His gaze never wavers, but neither does hers, and she's thrilled in a way that makes her feel wanton, powerful and all together womanly. He's magnificent, a specimen that reminds her of sculptures carved by Renaissance masters, and her hands long to touch him, to learn if he's cool like marble or warm against her skin, to see what it's like to trace well-defined muscle, to discover whether his touch would untangle the knots in her stomach or set her over a precipice that is suddenly and dangerously alluring.
"A gentleman would look away," she murmurs, her tone far steadier than she feels, and he steps closer then, his hand reaching out to cup her cheek. She trembles at the contact of wet on wet.
"True," he admits with a slight shrug. "But I'm no gentleman.

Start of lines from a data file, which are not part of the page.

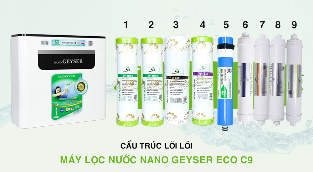 Được tích hợp với hệ thống 9 cấp lõi lọc vượt trội với công dụng chuyên biệt, máy lọc nước Nano Geyser Eco C9 giúp đảm bảo cho nguồn nước ĐẠT CHUẨN CẤP QUỐC GIA NƯỚC UỐNG TRỰC TIẾP
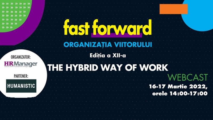 Evenimentul pune sub lumina reflectorului consecințele pe care modul de lucru le-a avut ca impact în acțiunile departamentelor de Resurse Umane. La ce s-a renunțat, ce a apărut nou, ce a necesitat acomodat și ce s-a inițiat, sunt întrebări prin care se trece în revistă efortul de adaptare pe care l-au depus cei care sunt in rolul de partener în business. Cum s-a măsurat impactul, cum s-a lucrat cu scenarii și cum au fost susținuti liderii pentru a lua cele mai bune decizii în ceea ce privește modul de lucru. Sunt întrebări care dau dimensiunea calitativă a acestui efort. Sunt industrii care nu s-au pretat la munca în stil hibrid și unele industrii care de doi ani nu au ieșit din formula de lucru remote. Și oricum ar fi, aceste alegeri nu ne aparțin ci sunt direcții de leadership sau doar politici guvernamentale pe care noi încercăm să le implementăm cu o cât mai mare finețe.Revista HR Manager organizează cu sprijinul Humanistic, în zilele de 16-17 martie 2022, între orele 14:00-17:00, ediția a XII-a din seria de evenimente online FAST FORWARD. ORGANIZAȚIA VIITORULUI cu tema: THE HYBRID WAY OF WORK .
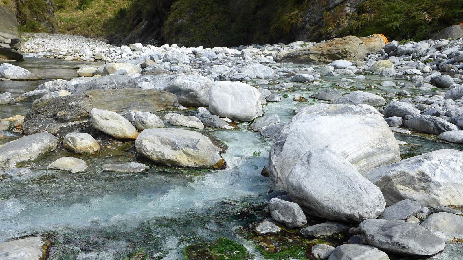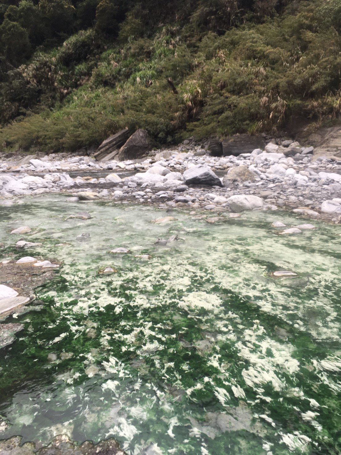 有一處溪石顏色與眾不同,不知附近是不是也有溫泉頭
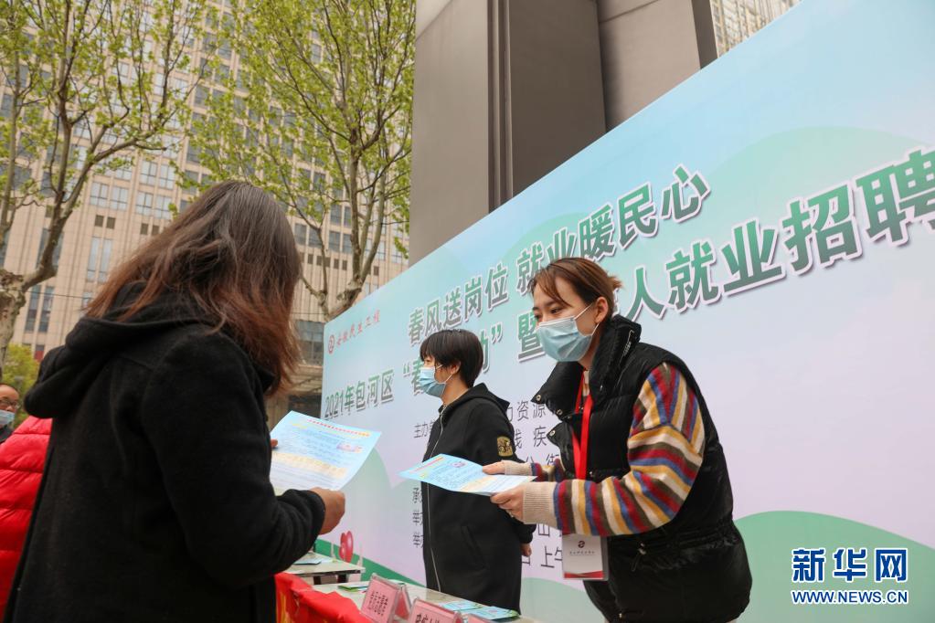 3月31日,志愿者向求职者讲解劳动保障相关政策。
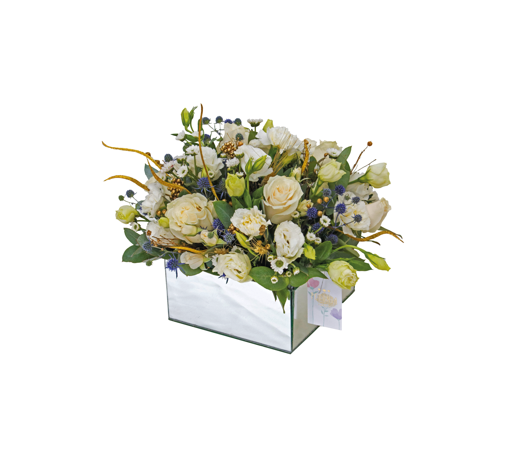 Mix de rosas y follajes con decoración navideña en base de vidrio espejo.
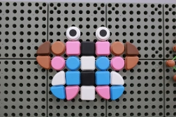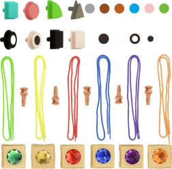 • - 64 geometrische pinnen (4 vormen, 6 kleuren)
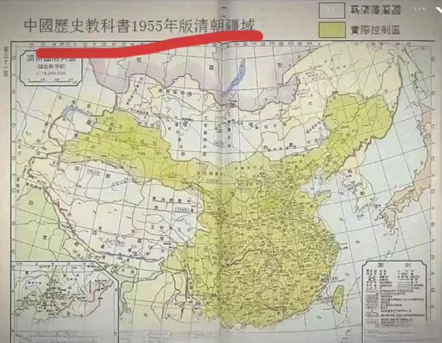 下面是網上流傳的新中國的1955年中國歷史教科書清朝疆域,
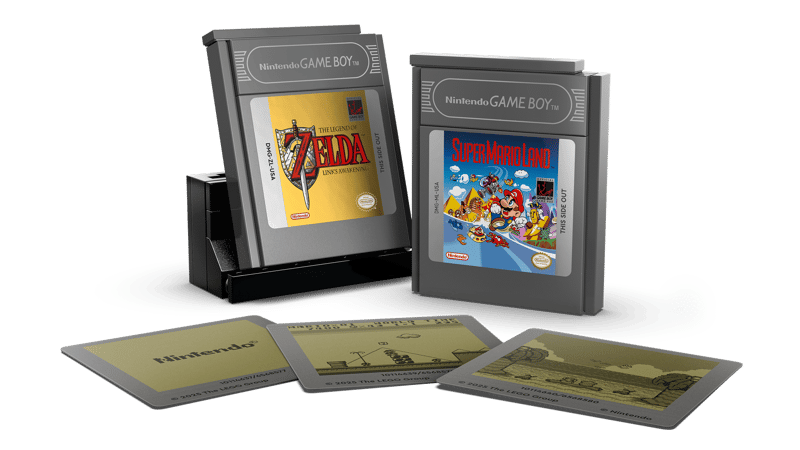LEGO Game Boy 72046 is a LEGO Super Mario display set for adults and Nintendo fans, recreating the original handheld console at near 1:1 scale. With authentic console detailing, interchangeable The Legend of Zelda: Link's Awakening and Super Mario Land Game Paks, and multiple screen options, it offers a nostalgic build designed for display.
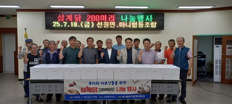 관내 택시회사인 마니협동조합은 무더위 속 어르신들의 건강을 지키고 지역사회에 따뜻한 마음을 나누고자 삼계닭을 기탁했다.

I'm a soldier."
She swallows, her mouth parched, her inner thighs aching beyond reason.
"If I were a gentleman, I would never encroach upon your grief as I am doing," he adds with a softness that contrasts perfectly with the sculpted edges of his flesh. His eyes drop then, her cheek pressing into his palm until he looks at her directly yet again.
"You believe that I mourn my husband?" she whispers, and his eyes narrow somewhat. "Because I don't. I never have."
"He was cruel to you?" he questions, and they are now nose to nose.
"No," she returns. "But neither was he kind."
The lines of his face grimace in the lightening, and she notes a tightness to his jaw.
"An arranged marriage?" he inquires, and she shrugs this time, unable to look away from him even as they both stand dripping wet. "As was my own?"
It's the first he's spoken of a wife, and she wonders if the woman is dead, assuming this must be the case as he just referred to his marriage in the past tense.
"No," she breathes. "A forced one."
His inhale nearly swallow her own.
"Force is never productive and is usually the least humane means to an end," he reasons as she blinks back the rain, starting at the sharp edge of lightening striking somewhere close.
"Yet you're a soldier," she reasons. He nods, denying nothing. "You're on the wrong side, you know."
He smirks then, biting his lower lip in a manner that does things to her, things she doesn't quite understand but longs to with a depth that frightens her.
"I thought you were a loyalist," he returns, and he's so close, so very, very close.
"Oh no," she hums, daring to lay a hand on the soaked fabric covering his chest, feeling muscle ripple against her palm. Her head is spinning, yet her mind is clear, and she wonders what her mother would think of her now, here, nearly naked in the rain, touching a man who is not her husband, a man who fights for the enemy, no less. "I'm far more of a rebel."
"That explains it, then," he whispers, backing her under a small patch of shelter. He's hard against her, there's very little between them, and she licks her lips in anticipation, completely caught up in eyes that watch her with a heady mix of tenderness and heat.
"Explains what?" she dares, quirking a brow in his direction, effectively silenced by his mouth and tongue with a kiss that changes everything.